Cross-sectional xz-images of the measured 3-D PA images before and after applying the limited view correction method are shown in Fig. 4. The FP sensor plane is at the bottom of the images in the xy-plane. A center xz-slice at y = 8 mm of an original PA image is shown in Fig. 4A (λexc = 726 nm, normalized to 1 J incident pulse energy). Fig. 4B shows the result of the limited view correction (Eq. (7)). The arc-shaped features indicated by black arrows in Fig. 4B are artifacts that result from the limited planar detection geometry. While the limited view correction increased the image intensity in general, the intensity of the deeper lying objects was amplified more strongly than those located at shallow depths. The signals of the shallow tubes were doubled in amplitude by the limited view correction, while the amplitudes of the deepest row of tubes were increased by a factor of 3–5.

Fig. 4.

Fig. 4

Cross-sectional xz-images (y = 8 mm) of the tissue phantom at an excitation wavelength of 721 nm. (A) Original image and (B) after applying the limited view correction (Section 2.3.1).

3.2. Convergence

The inversion was found to fully converge within 300 iterations after 8 h computation time using an NVIDIA Titan X (Pascal) GPU. The use of chromophore- and fluence-dependent step sizes (Eqs. (10) and (11)) produced an increase in convergence speed of more than an order of magnitude due to a better efficiency in regions of low fluence. Importantly, inversions without the step size correction were found to fail.
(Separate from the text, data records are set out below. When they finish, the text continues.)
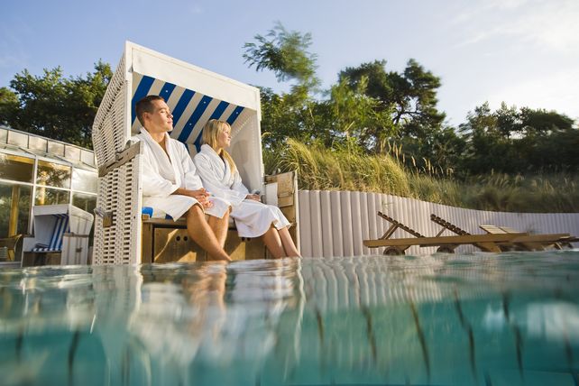 Ideal auch die Hotellage unmittelbar am Ostsee-Strand: Nur wenige Schritte genügen, und schon können die Kleinen im Meer baden, Sandburgen bauen, Drachen steigen lassen oder einfach an der frischen Seeluft herumtoben. Zusätzlichen Badespaß garantiert der kostenfreie Zugang zur hoteleigenen Bernsteintherme: Hier lässt sich mit der ganzen Familie bei angenehmen 32 Grad Wassertemperatur plantschen. Zwei große Schwimmbecken, ein Außenpool und ein Spray-Park für Kinder sowie für die Eltern Usedom größter Saunabereich.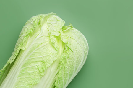 Fresh Chinese cabbage on green background, top view. Space for text
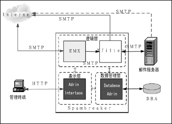 在這里,Spambreaker相當于郵件過濾網關,外部進入信件首先由Spambreaker接收,進行過濾后再發(fā)送給真正的后臺郵件服務器Exchange;外發(fā)信件時,通過設置將Spambreaker設置為Exchange的MailHUB,這樣,Exchange的外發(fā)信件就會首先發(fā)送給Spambreaker,經過過濾后由Spambreaker發(fā)送到Internet上。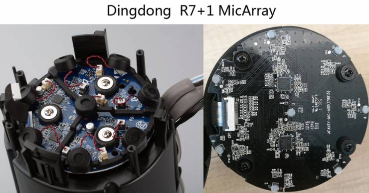 这里再说一下科大讯飞,其叮咚音箱系列产品都是模仿的这种结构,讯飞增加了1个麦克风,形成了环形7+1麦克风阵列的结构,如下图所示。叮咚1代和2代的差别主要是1代采用的是驻极体麦克风,而2代换成了模拟的MEMS麦克风。相比Amazon来说,科大讯飞更喜欢科胜讯的芯片,1、2代叮咚产品全部采用科胜讯的AD芯片CX20810,另外,科大讯飞的双麦算法也是采用的科胜讯CX20921芯片。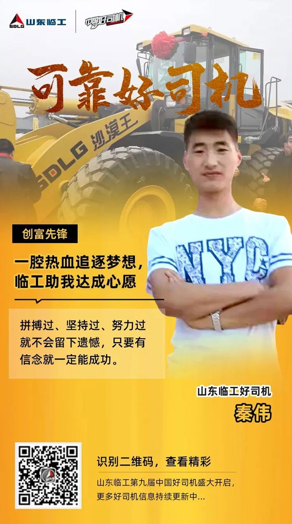 从13年初入工程机械行业,到初次创业购买南宫NG·28(中国)相信品牌力量设备,再到20年参加南宫NG·28(中国)相信品牌力量好司机,今天的主人公秦伟在南宫NG·28(中国)相信品牌力量的陪伴下追逐自己的梦想,并逐步实现。他的身上总有一股子热劲儿,不服输,有激情。他为了梦想一往无前的冲劲与拼劲,和永不言败的信念与豪情,值得我们每一个人的尊重与学习。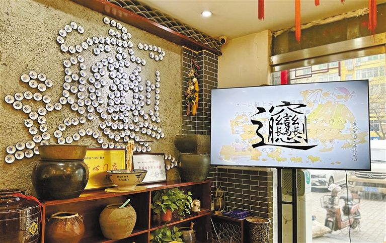 咸陽(yáng)市鴻漸biangbiang面館展示的“biang”字裝飾。 記者 琚鵬飛攝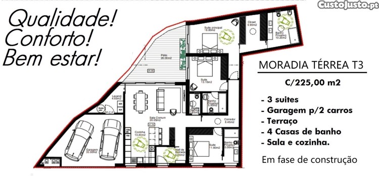 - 3 Quartos suites / 4 Casas de banho / Sala + Cozinha em openspace / Garagem p/2 carros.
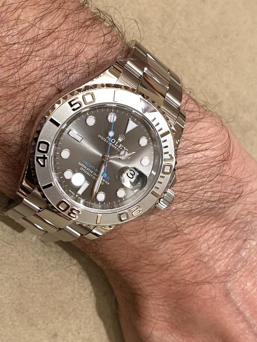 nett, dass mir der händler die uhr aufgehoben hat, bis ich sie heute endlich abholen konnte: rolex yachtmaster rhodium mit platin lünette. bin begeistert 😊🥂5FB19EB0-BAF8-4DE7-93C8-113B39D0277D.thumb.jpeg.200ffe4c88fc907f218c59c75f3ac34e.jpeg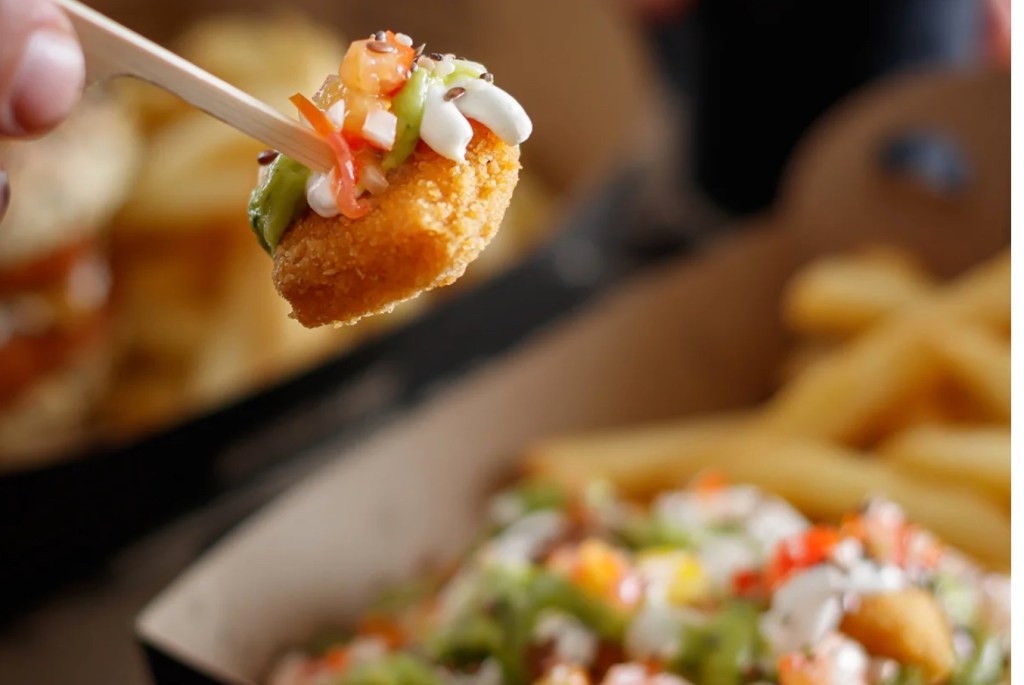 Venden pequeños cuadrados de milanesa que se comen con un palito de bamboo y así evitan los cubiertos de plástico

3.3. Recovered chromophore concentrations

The recovered chromophore concentrations are shown in Fig. 5. Fig. 5A and D illustrates the true distribution of cNiSO4 and cCuSO4, Fig. 5B and E shows the concentrations recovered from the original image data set, and Fig. 5C and F show those from the aperture-corrected data set. Several observations can be made. First, significant cNiSO4 and cCuSO4 were recovered in the background sub-volume even though this region contained only water. This is explained by image reconstruction artifacts, which lead to significant recovered concentrations in regions coinciding with positive-going artifacts. Second, the circular tube cross-sections are distorted in the deeper lying tubes, which is due to the limited detection aperture. The concentrations recovered for the most superficial tubes (including the calibrated absorber, bottom center) are largely unaffected by the acoustic correction. This is in strong contrast to the deeper lying tubes where significantly higher concentrations were recovered from the corrected image data set compared to those obtained from the original. This also resulted in a better agreement with the true values (Fig. 5A and D). However, the increase in the absolute values also applied to concentrations recovered from the background, i.e. regions corresponding to image artifacts.

Fig. 5.

Fig. 5

Cross-sectional xz-images (y = 8 mm) of the true and recovered chromophore concentrations. (A) and (D) True cNiSO4 and cCuSO4, respectively. (B) and (E) cNiSO4 and cCuSO4 recovered from uncorrected images. (C) and (F) cNiSO4 and cCuSO4 recovered from corrected images.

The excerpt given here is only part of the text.